__Aim of the exercise__. Search the entries below for "Meadow در طول". Give that line and all the lines after it again, exactly, through the last, without pictures.
======== Dataset content ========
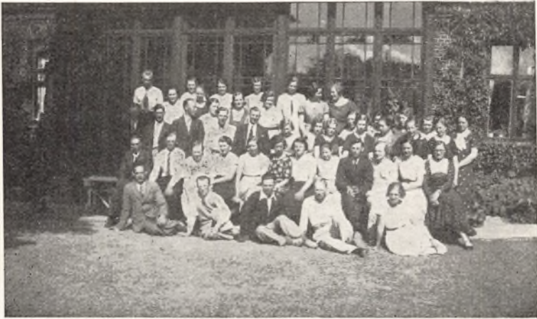
Dagen efter Elevmødet.
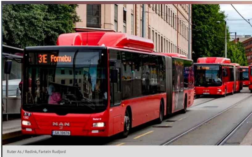
Ruter As / Redink, Fartein Rudjord

Hvordan kan bussbransjen bidra til økt trafiksikkerhet?
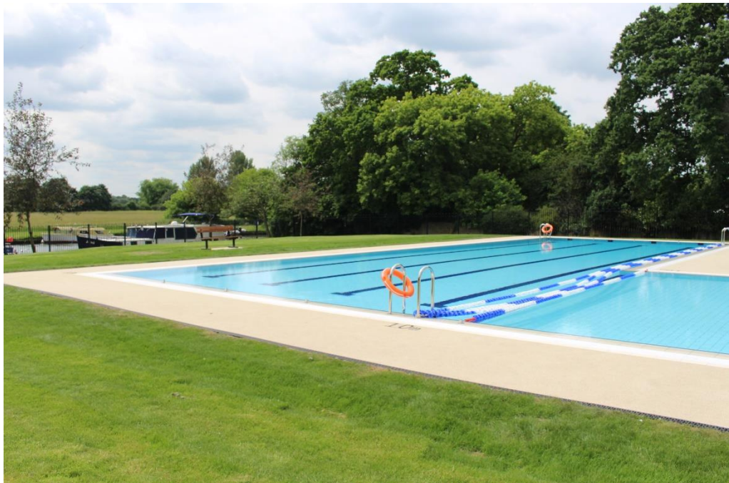
استخر روباز Abingdon

Meadow در طول فصل تابستان باز می شود. در هوای گرم، باید از قبل رزرو کنید. برای آخرین به روز رسانی ها از وب سایت ما دیدن کنید: whitehorsedc.gov.uk/abbeymeadow
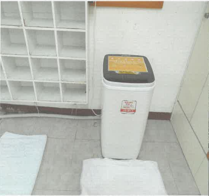
여자 락카실 탈수기 고정 작업
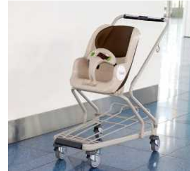
空港におけるベビーカー貸し出し
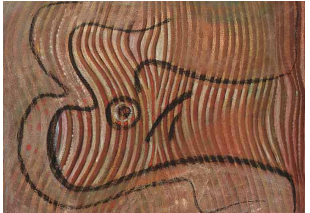
Jean Hirtzel, Pictogramme N°2 , 1989, huile, colle synthétique, sable et charbon de bois sur toile de lin, 81 x 100 cm. PROJET JEAN HIRTZEL

ESPACE GRAFFENRIED • Plus de 20 ans après la dernière exposition monographique consacrée à l'artiste, «Jean Hirtzel. Entre les lignes» revient sur le parcours et la vision du plasticien d'origine neuchâteloise, basé à Blonay (VD) jusqu'à sa disparition en 1999.
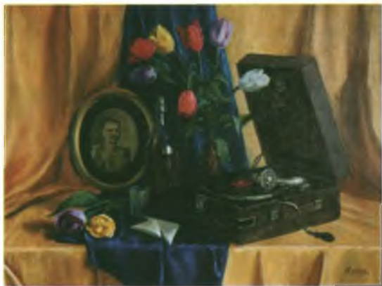
«Память». Холст, масло. 60х80.
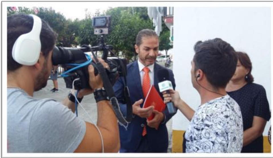
Andalucía Directo Canal Sur
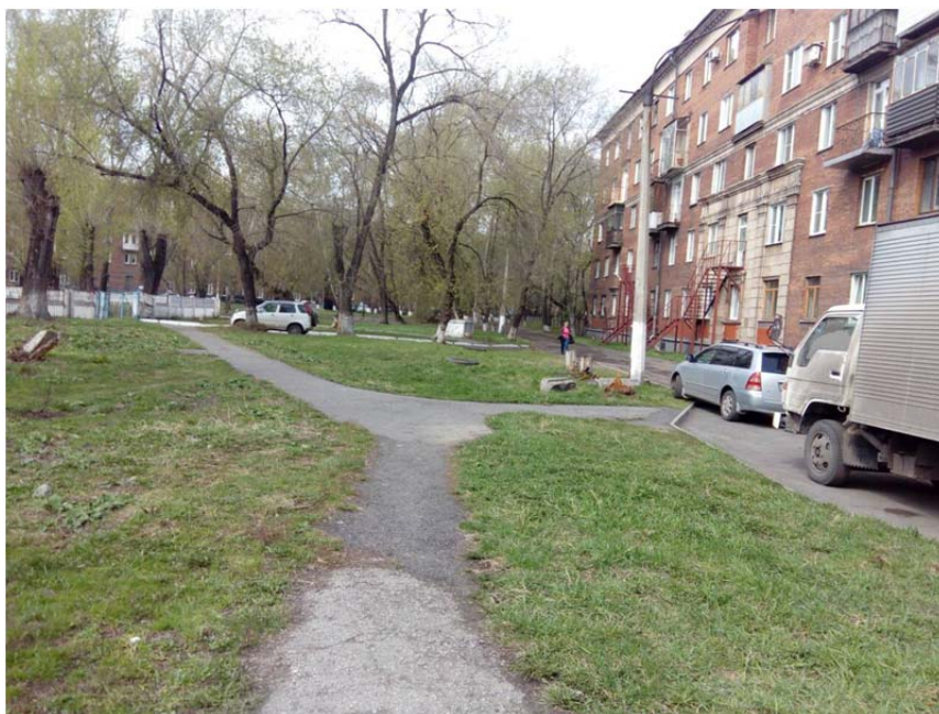
Рис. №2. Состояние проезда.
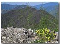
Fioritura sul conglomerato

Pietro Marcheselli - Canon Ixus 980 IS 2014 - Estate - Savignone - Paesi
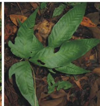
Dicksoniaceae Dennstaedtiaceae Lomariopsidaceae Culeita cf. coniifolia Hypolepis sp. Bolbitis portoricensis Tectaria sp.
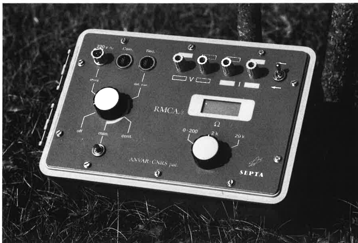
Fig. 3 - Face avant du résistivimètre RMCA-3.

acceptés entre électrodes et sol. Elles ont permis de réduire le quadripôle à de simples disques roulants sur herbe presque sèche (site de Minot) ou sur terre nue et d'obtenir, grâce à une version encore plus récente de roues à pointes, d'excellents résultats sur des sols relativement durs et secs (sites d'Alba et du Mont Beuvray).
========
__Output of the task__.
Meadow در طول فصل تابستان باز می شود. در هوای گرم، باید از قبل رزرو کنید. برای آخرین به روز رسانی ها از وب سایت ما دیدن کنید: whitehorsedc.gov.uk/abbeymeadow
여자 락카실 탈수기 고정 작업
空港におけるベビーカー貸し出し
Jean Hirtzel, Pictogramme N°2 , 1989, huile, colle synthétique, sable et charbon de bois sur toile de lin, 81 x 100 cm. PROJET JEAN HIRTZEL

ESPACE GRAFFENRIED • Plus de 20 ans après la dernière exposition monographique consacrée à l'artiste, «Jean Hirtzel. Entre les lignes» revient sur le parcours et la vision du plasticien d'origine neuchâteloise, basé à Blonay (VD) jusqu'à sa disparition en 1999.
«Память». Холст, масло. 60х80.
Andalucía Directo Canal Sur
Рис. №2. Состояние проезда.
Fioritura sul conglomerato

Pietro Marcheselli - Canon Ixus 980 IS 2014 - Estate - Savignone - Paesi
Dicksoniaceae Dennstaedtiaceae Lomariopsidaceae Culeita cf. coniifolia Hypolepis sp. Bolbitis portoricensis Tectaria sp.
Fig. 3 - Face avant du résistivimètre RMCA-3.

acceptés entre électrodes et sol. Elles ont permis de réduire le quadripôle à de simples disques roulants sur herbe presque sèche (site de Minot) ou sur terre nue et d'obtenir, grâce à une version encore plus récente de roues à pointes, d'excellents résultats sur des sols relativement durs et secs (sites d'Alba et du Mont Beuvray).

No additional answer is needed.